The call instruction is never mispredicted. The jne instruction is also never mispredicted except for the last execution of the instructions (where it exits the loop). Therefore, we can attribute the total number of conditional mispredictions to the jl instruction. That can be subtracted from the total number of mispredictions to get the number of return mispredictions which can be attributed to either or both of the return instructions. The second ret may mispredict when the misprediction of the first ret clobbers or misaligns the RAS. One way to determine whether the second ret is ever mispredicted is by using precise sampling of BR_MISP_RETIRED.ALL_BRANCHES. Another way is by using the method described in the blog post you cited. Indeed, only the inner most ret is mispredicted. The fact that jl is mispredicted half of the time suggests that the instruction is either being predicted always taken or always not taken.

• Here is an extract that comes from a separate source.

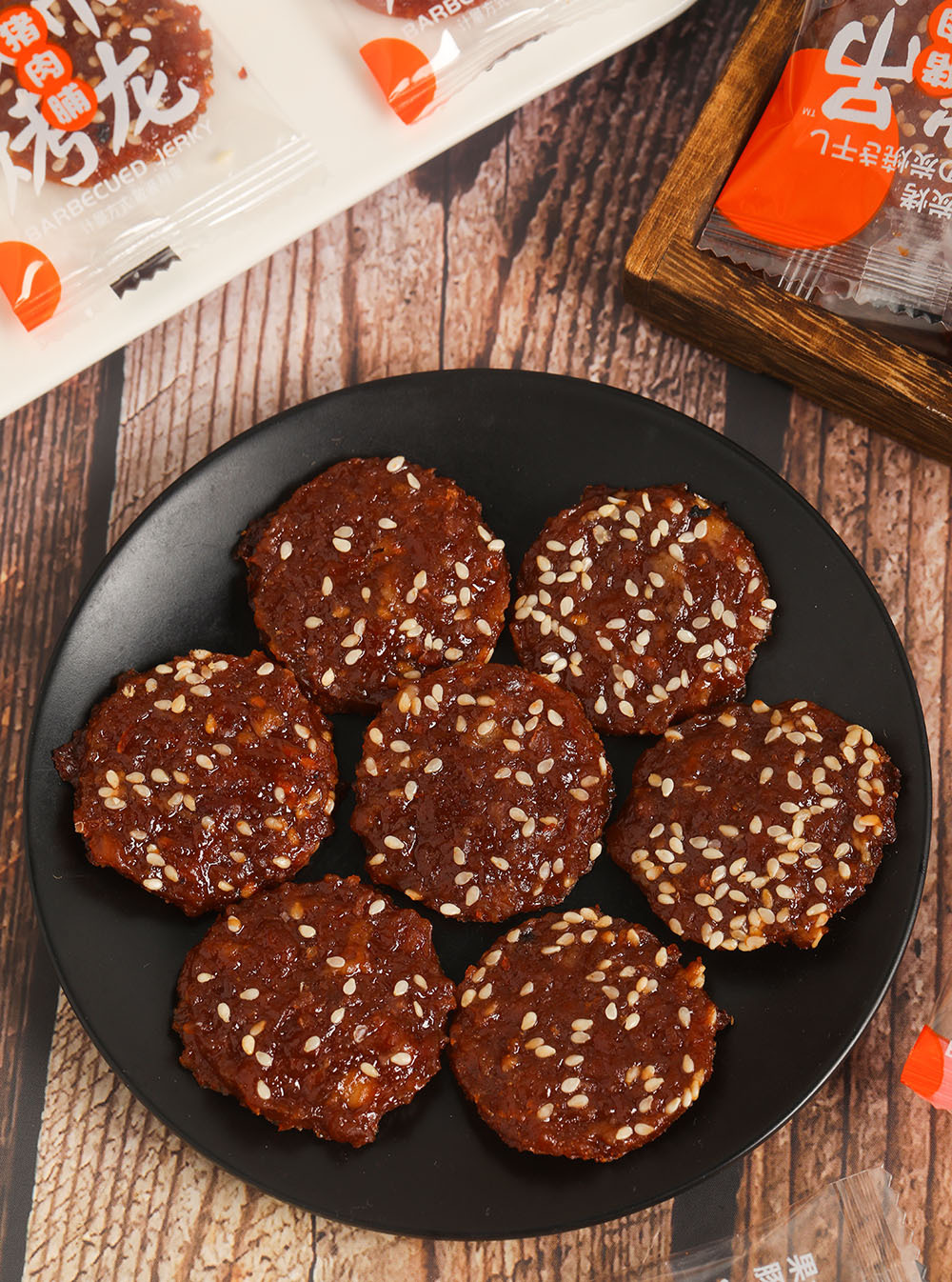 具有灵魂的古法炭烤工艺 荔枝木炭烤让猪肉脯具有独特的果木香,—点都不会腻 特有的果木清香渗入肉脯,滋滋炭烤出焦香在猪肉的口感中还带有一丝丝的木香 那个香味叫—个浓郁哟~风味十分独特 让原本平淡无味的生活,增添了不—样的味道

The complete control-glow graph of branch_over_call looks like this:

           total   misp
call         1      0
    jg       1     0.5
    call    0.5     0
        ret 0.5     0
    ret      1      0
jne          1      0

The only instruction that is mispredicted is jg, which is mispredicted half of the time.

To measure the average cost of a single ret misprediction in the conditional_call approach, the ret instruction can be replaced with a lea/jmp sequence so that BTB rather than the RAS is used for making predictions. With this change, the only instruction that is mispredicted is jl. The difference in execution time can be considered as an estimate for the total cost of ret mispredictions. On my CFL processor, this is about 11.3 cycles per ret misprediction. In addition, conditional_call has become about 3% faster than branch_over_call. Your numbers on KBL indicate that the average cost of a ret misprediction is about 13 cycles. I'm not sure what the reason for this difference is. It may not be microarchitectural. I've used gcc 7.3 but you used gcc 8, so perhaps there are some differences in the code or the alignments of different pieces of code that are causing the discrepancy between our results.